Court Opinion

ID: 5239744
Source: CourtListenerOpinion
Date Created: 2022-01-06 17:22:51.36839+00
Date Added: 2024-06-11T08:27:47.391830
License: Public Domain

McLaughlin, J. (dissenting):
Action to foreclose a mechanic’s lien. The answer put in issue the material allegations of the complaint and set up a counterclaim, to which the plaintiff interposed a reply consisting of four paragraphs. The 1st denied the 6th, the 2d a part of the 5th, and the 3d the 7th paragraphs of the amended answer. The 4th paragraph begins: '“Further replying * * * plaintiff alleges.” Then follows the statement of certain facts which it is unnecessary to consider. The defendant demurred to the 4th paragraph. The demurrer was overruled and defendant appeals.
Each cause of action pleaded, answer thereto, or reply to a counterclaim must be complete in itself and a demurrer only lies to such pleading as a whole and not to a separate paragraph of it. (Code Civ. Proc. §§ 492, 493, 494; Hollingsworth v. Spectator Co., No. 1, 53 App. Div. 291.) A reply must contain a general or specific denial of each material allegation of the counterclaim controverted by the plaintiff and may set forth in ordinary and concise language new matter not inconsistent with the complaint constituting a defense to the counterclaim. (Code Civ. Proc. § 514.) If it contains two or more distinct avoidances of the counterclaim the same must be “separately stated and numbered.” (Code Civ. Proc. § 517.)
The court below evidently reached the conclusion that the 4th paragraph demurred to was intended by the pleader as a continuation of the preceding paragraphs, and in this I think he was correct. To hold that it was intended as a separate reply is to put into the pleading something which does not there appear. The suggestion is made — not by counsel — that this can be done because the pleader used the words “ Further replying * * * alleges.” I am unable to ascribe such meaning to the use of these words.
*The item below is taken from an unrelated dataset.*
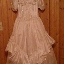Brudekjolen ble brukt av meg, som er 167 cm høy og jeg brukte 1 cm høye sko. Kjolen har blitt sydd opp i skuldrene, og det er lagt opp til at man skal kunne sprette det opp igjen, for å få kjolen et par centimeter lengre.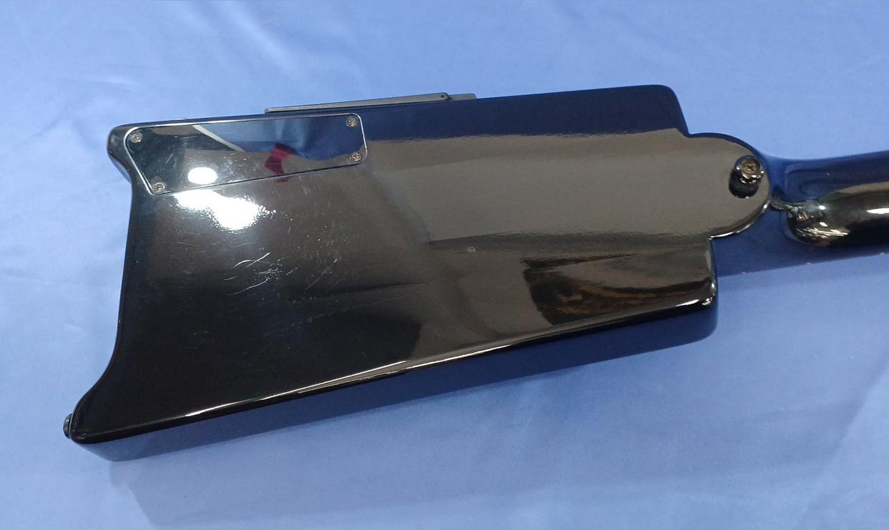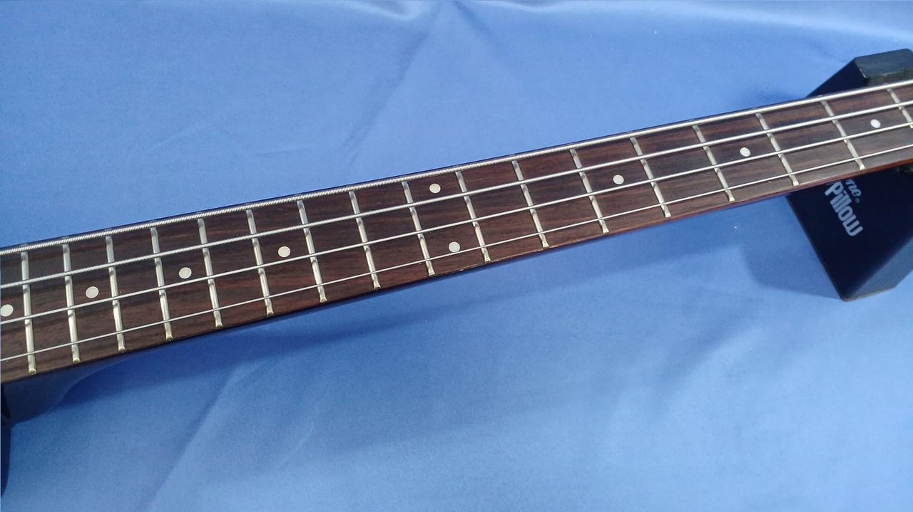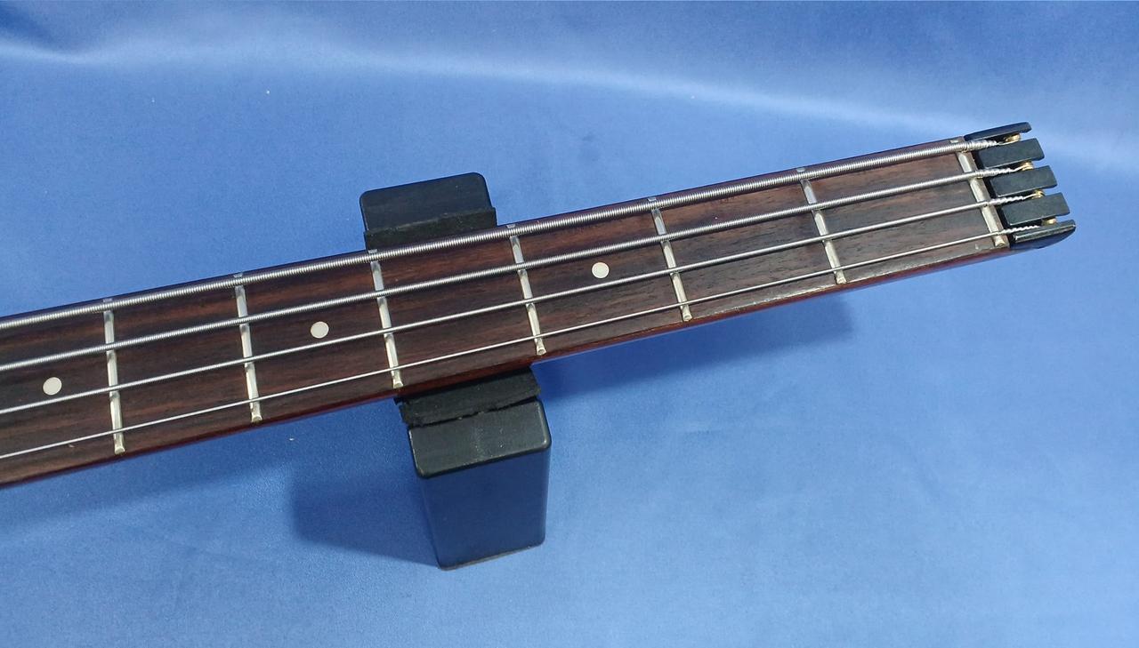ロングスケールだけどヘッド無し、ブリッジから後ろのボディ部分無し、これ以上はない必要最低限のコンパクト、持ち運びはもちろん、ステージでの取り回しもラクチンです |

They certainly do not indicate it was intended by their use to set up a separate and distinct reply. If the appellant believes such were the intended effect, then the proper practice is to move to make the pleading more definite and certain by compelling plaintiff to separately state and number the paragraph demurred to.
I, therefore, think the order should be affirmed and dissent from a reversal.